Ethan A. Nadelmann, Wall Street Journal – We should consider why our forebears rejoiced at the relegalization of a powerful drug long associated with bountiful pleasure and pain, and consider too the lessons for our time.

The Americans who voted in 1933 to repeal prohibition differed greatly in their reasons for overturning the system. But almost all agreed that the evils of failed suppression far outweighed the evils of alcohol consumption.

The change from just 15 years earlier, when most Americans saw alcohol as the root of the problem and voted to ban it, was dramatic. Prohibition’s failure to create an Alcohol Free Society sank in quickly. Booze flowed as readily as before, but now it was illicit, filling criminal coffers at taxpayer expense. . .

When repeal came, it was not just with the support of those with a taste for alcohol, but also those who disliked and even hated it but could no longer ignore the dreadful consequences of a failed prohibition. They saw what most Americans still fail to see today: That a failed drug prohibition can cause greater harm than the drug it was intended to banish.

Consider the consequences of drug prohibition today: 500,000 people incarcerated in U.S. prisons and jails for nonviolent drug-law violations; 1.8 million drug arrests last year; tens of billions of taxpayer dollars expended annually to fund a drug war that 76% of Americans say has failed; millions now marked for life as former drug felons; many thousands dying each year from drug overdoses that have more to do with prohibitionist policies than the drugs themselves, and tens of thousands more needlessly infected with AIDS and Hepatitis C because those same policies undermine and block responsible public-health policies.

And look abroad. At Afghanistan, where a third or more of the national economy is both beneficiary and victim of the failed global drug prohibition regime. At Mexico, which makes Chicago under Al Capone look like a day in the park. And elsewhere in Latin America, where prohibition-related crime, violence and corruption undermine civil authority and public safety, and mindless drug eradication campaigns wreak environmental havoc.

All this, and much more, are the consequences not of drugs per se but of prohibitionist policies that have failed for too long and that can never succeed in an open society, given the lessons of history. Perhaps a totalitarian American could do better, but at what cost to our most fundamental values?

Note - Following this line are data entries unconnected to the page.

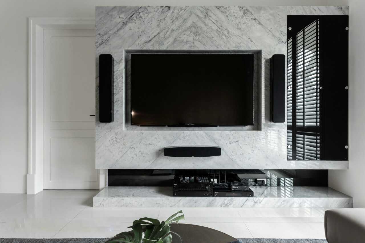 The original wall cladding is an excellent means of zoning large rooms. The combination of a stone surface of different textures - marble tiles, crushed sandstone and “wild” stone in the form of masonry will look inimitable.
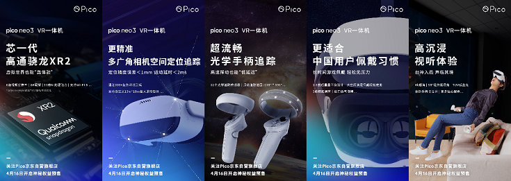 據(jù)悉,早在4月13日左右,Pico官方便已透露部分Neo 3的硬件參數(shù)信息,并持續(xù)放出硬件海報(bào),從芯片、追蹤、佩戴等維度全面解析Neo 3新品。
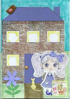 I have made a house using pattern paper from Bearly Mine A Load of Ole Bricks paper set and shapes. Coloured background with markers. Added brad for door handle. Tried to draw curtains but as you can see I can't draw. I think I should have done them a different colour.
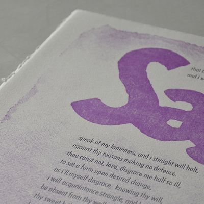 Bei seinemTod im Jahr 1616 hatten sich die Sonette, die William Shakespeare geschrieben hatte, auf 154 summiert. 400 Jahre nach seinem Tod hat die Bodleian Library in Oxford Druckkünstler in aller Welt dazu aufgerufen, zeitgenössische Versionen dieser Texte zu drucken. Die 154 Sonette waren rasch vergeben, und ich gehörte zu den Glücklichen, denen eines davon zugesprochen wurde: Nummer 89.
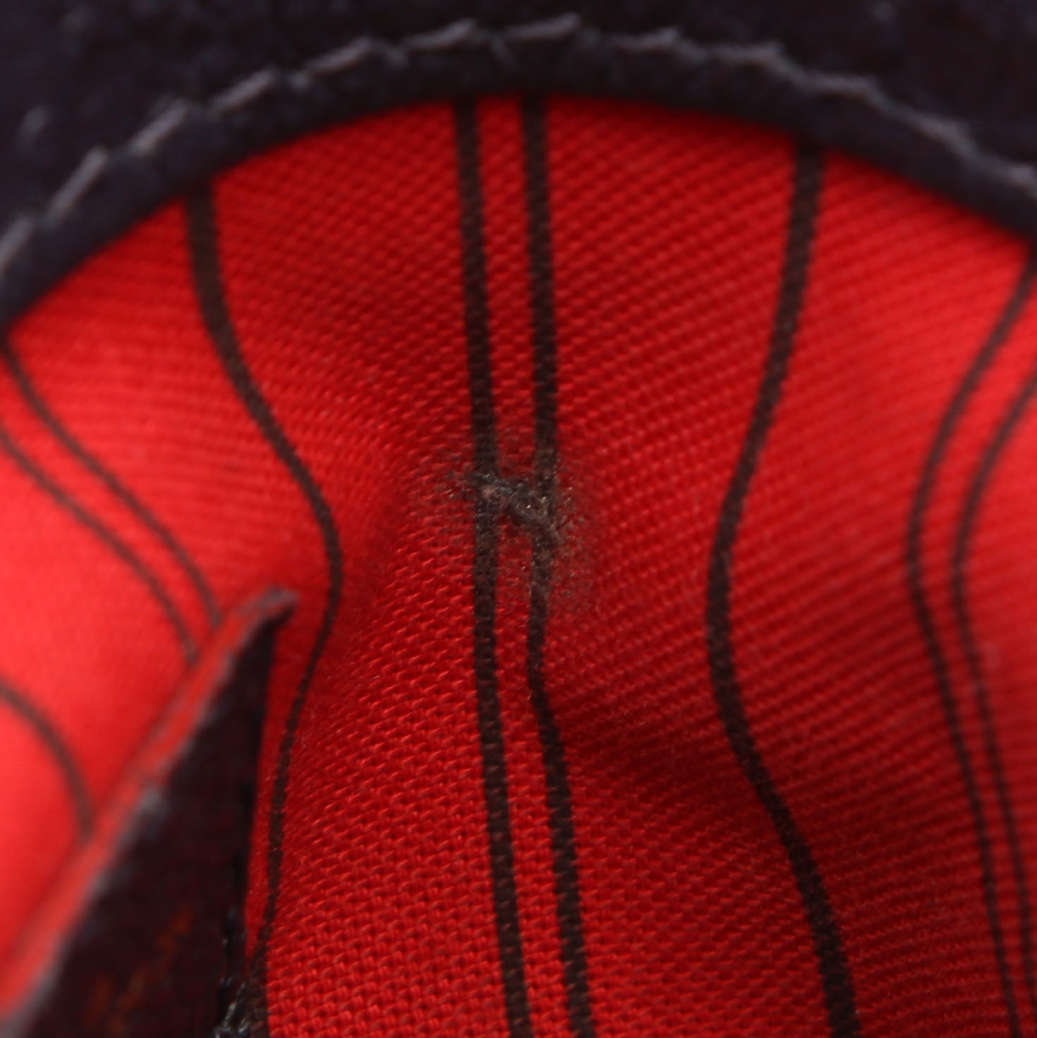 Interior: The interior has minor stains and wear throughout. The interior features six open pockets and one zip closure pocket.

Why did our forebears wise up so quickly while Americans today still struggle with sorting out the consequences of drug misuse from those of drug prohibition?

It’s not because alcohol is any less dangerous than the drugs that are banned today. Marijuana, by comparison, is relatively harmless: little association with violent behavior, no chance of dying from an overdose, and not nearly as dangerous as alcohol if one misuses it or becomes addicted. Most of heroin’s dangers are more a consequence of its prohibition than the drug’s distinctive properties. That’s why 70% of Swiss voters approved a referendum this past weekend endorsing the government’s provision of pharmaceutical heroin to addicts who could not quit their addictions by other means. It is also why a growing number of other countries, including Canada, are doing likewise.